Je vais chercher du bois pour la cheminée; douce sera cette chaleur, claire sera cette
lumière, à l’aise tu seras assise et jamais tu n’auras froid.

PEER GYNT
Ma fille de roi, je l’ai trouvée ! je l’ai gagnée !
Mais il faut construire le palais royal !

LA VOIX DE LA FEMME
Bonsoir, Peer-aux-pieds-légers

PEER GYNT
Qu’est-ce que c’est? Qui est là?

LA FEMME
De vieux amis, Peer Gynt! Mon logis est tout près. Nous sommes voisins. .

PEER GYNT (il veut s’en aller)


Je, je… suis très pressé.

LA FEMME
Tu es toujours très pressé, mon garçon; mais je trotte à tes trousses, et à la fin je te
retrouve.

PEER GYNT
Vous vous méprenez, la mère!

LA FEMME
Oui, c’est ce que j’ai fait un jour, le jour de tes grandes promesses.

PEER GYNT
J’ai promis, moi? - Qu’est-ce que vous me chantez là?

LA FEMME
À l’enfant.
Donne à boire à ton père, je crois bien qu’il a soif.

PEER GYNT
Son père? Tu veux dire que ça ... Ce morveux avec ses grandes jambes!

LA FEMME
Écoute, Peer Gynt, tu es un bien grossier personnage...
Est-ce ma faute si je ne suis plus belle comme le jour où tu m’attiras dans les bois? Cet
automne, lorsque j’ai accouché, le diable me tenait le dos, et c’est bien normal qu’on en
sorte aussi laide. Mais si tu voulais me voir belle comme autrefois, chasse alors cette
jeune fille qui est là, chez toi; montre-lui la porte, chasse-la de tes yeux et de ta tête - fais
cela et je perds ma trogne.
PEER GYNT
Va-t-en, sorcière des trolls !Je vais t’enfoncer le crâne.

LA FEMME
Peer lève le bras pour la frapper, mais il est arrêté magiquement.
Elle rit C’est que je résiste aux coups.
Je reviendrai tous les jours. Tu seras assis avec elle sur le banc, tu seras tendre, Peer
Gynt, tu voudras jouer, tu voudras caresser, je m’assoirai avec vous, je réclamerai ma
part ! Adieu, mon cher amour,’ demain, accouple-toi.

PEER GYNT
Cauchemar infernal! Et tout ça ...

LA FEMME
Tout ça pour une pensée, pour un désir! C’est vraiment pas de chance, hein, Peer!

PEER GYNT
Solvejg, ma très pure, mon or!

SOLVEJG   (se réveillant et à la porte)


Tu viens?

PEER GYNT
Tu attendras. La nuit tombe et j’ai lourd à chercher.

SOLVEJG
Bon, je t’aiderai, nous partagerons la charge.

PEER GYNT
Non, reste où tu es!
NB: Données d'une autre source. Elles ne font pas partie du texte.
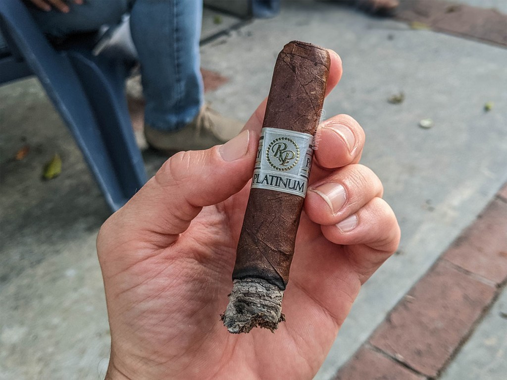 Lanzado en 2013, el Platinum de Rocky Patel estaba destinado a convertirse en uno de los productos que lleve el estandarte de la marca por todo lo alto. Su liga era completamente distinta a las mejores de Rocky, pero eso no lo hacía menos especial, con una capa Habano oscuro ecuatoriana, capote San Andrés mexicano y tripa nicaragüense y torcido en lo que en ese momento era objetivamente la nueva base de operaciones de la marca: TAVICUSA. Incluso, algo del tabaco de la tripa venía de las fincas de esa fábrica. El Platinum fue lanzado en tres vitolas, todas box pressed: robusto, toro y torpedo, básicamente porque son las vitolas más vendidas en términos generales. Pero estamos en 2022 y el Platinum hoy en día, aunque sigue siendo producido, es una edición limitada, pero realmente no lo conozco al punto de ser un cigarro que lleve el estandarte… de hecho, ni siquiera sabía que existía. Fue un seguidor quien me lo obsequió y fue con muchas ganas que me decidí a probarlo.
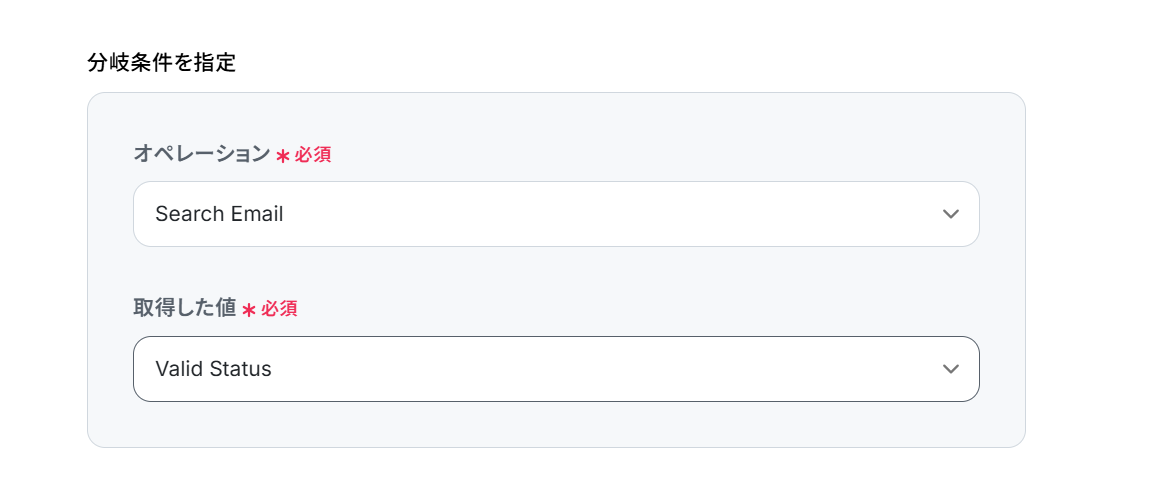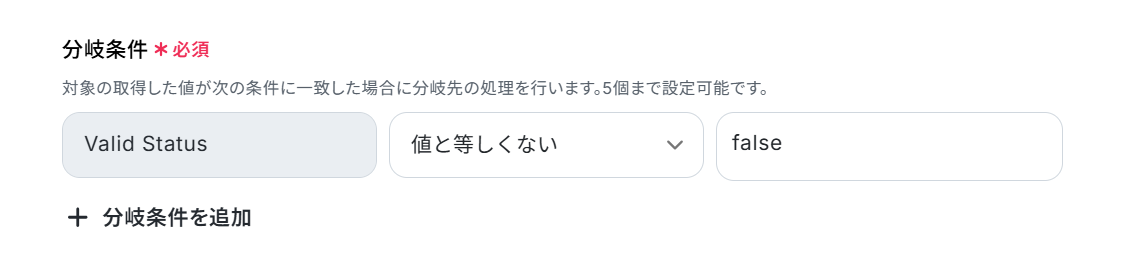 グレーの部分は固定値となっています。 画像では「Valid Status」が「false」でないものを条件に設定しています。 設定が完了したら「完了」をクリックしましょう。
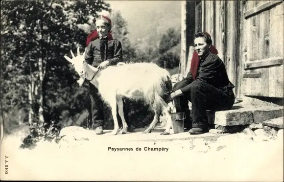Ak Champéry Kt. Wallis, Paysannes, Zwei Bäuerinnen in Trachten, Ziege
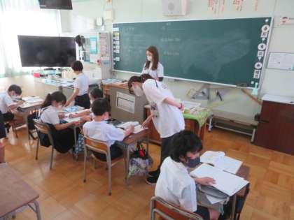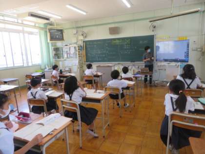 学年を3分割した習熟度別少人数学習で、「一億をこえる数を復習しよう」というめあてで、それぞれの教室ごとに学習を進めていました。

Je porterai tout.

SOLVEJG
Mais pas trop longtemps, dis !

PEER GYNT
Sois patiente, jeune fille, longtemps, pas longtemps, tu vas attendre.

SOLVEJG
Oui attendre

Peer Gynt remonte le sentier de la forêt. Solvejg reste debout dans la porte entrouverte

SCÈNE 8 : LA MORT DE LA MÈRE

Chez Ase. Le soir. Ase est au lit et promène fébrilement ses mains sur sa couverture.

PEER GYNT
Bonsoir!
ASE
Tu es enfin là, mon enfant chéri! je peux enfin partir en paix.

PEER GYNT
Partir? Qu’est-ce que tu racontes? Et où veux-tu aller?

ASE
Ah! Peer, je n’en ai plus pour longtemps. C’est bientôt fini. - Quand tu verras mes yeux
s’éteindre, il faudra les fermer soigneusement. Et tu t’inquiéteras du cercueil, oui, mon
petit, il m’en faut un très beau.
-
PEER GYNT
Mais tais-toi! C’est trop tôt pour penser à ça. Tu veux quelque chose à boire? Peux-tu
t’allonger  ? Comme ton lit est court- Mais oui, j’ai dormi dans ce lit quand j’étais tout
petit. Tu te souviens, le soir, tu étais assise sur le bois du lit et tu rabattais la fourrure
sur moi et tu me racontais des histoires ?

ASE
Oui, on faisait le traîneau. La fourrure, c’était la couverture du traîneau, et le parquet,
c’était le fjord gelé.

PEER GYNT
Vers le château de Soria-Moria, nous allions par monts et par vaux.

ASE (inquiète)
Peer, je veux partir!

PEER GYNT
C’est des histoires! Mets-toi bien sous la fourrure.
« Au château de Soria-Moria,
C’est la fête du prince-roi ! »
Installe-toi bien sur le coussin du traîneau, je te conduis là-bas, à travers la lande.

ASE
Mais, petit Peer, suis-je invitée?

PEER GYNT
On l’est tous les deux !
Il jette une ficelle autour de la chaise où est le chat, prend un bâton dans sa main et
s’assied à l’avant du lit. Viens Grane !
Hue dia! Veux-tu te dépêcher, mon cheval noir! Mère, tu le sens le froid maintenant?
Nous glissons à travers le fjord.

ASE
J’ai peur. Qu’est-ce donc qui gronde et qui soupire, avec cette violence bizarre?

PEER GYNT
Ce sont les sapins, mère, qui mugissent sur la lande. Ne t’inquiète pas.

ASE
Là-bas, au loin, qu’est-ce qui brûle et qui flambe? D’où vient cette lumière?

PEER GYNT
Des fenêtres et des portes du château. On y danse, tu entends? Sur le seuil se tient Saint
Pierre et il te prie d’entrer.

ASE
À quel bonheur tu me conduis, mon pauvre enfant !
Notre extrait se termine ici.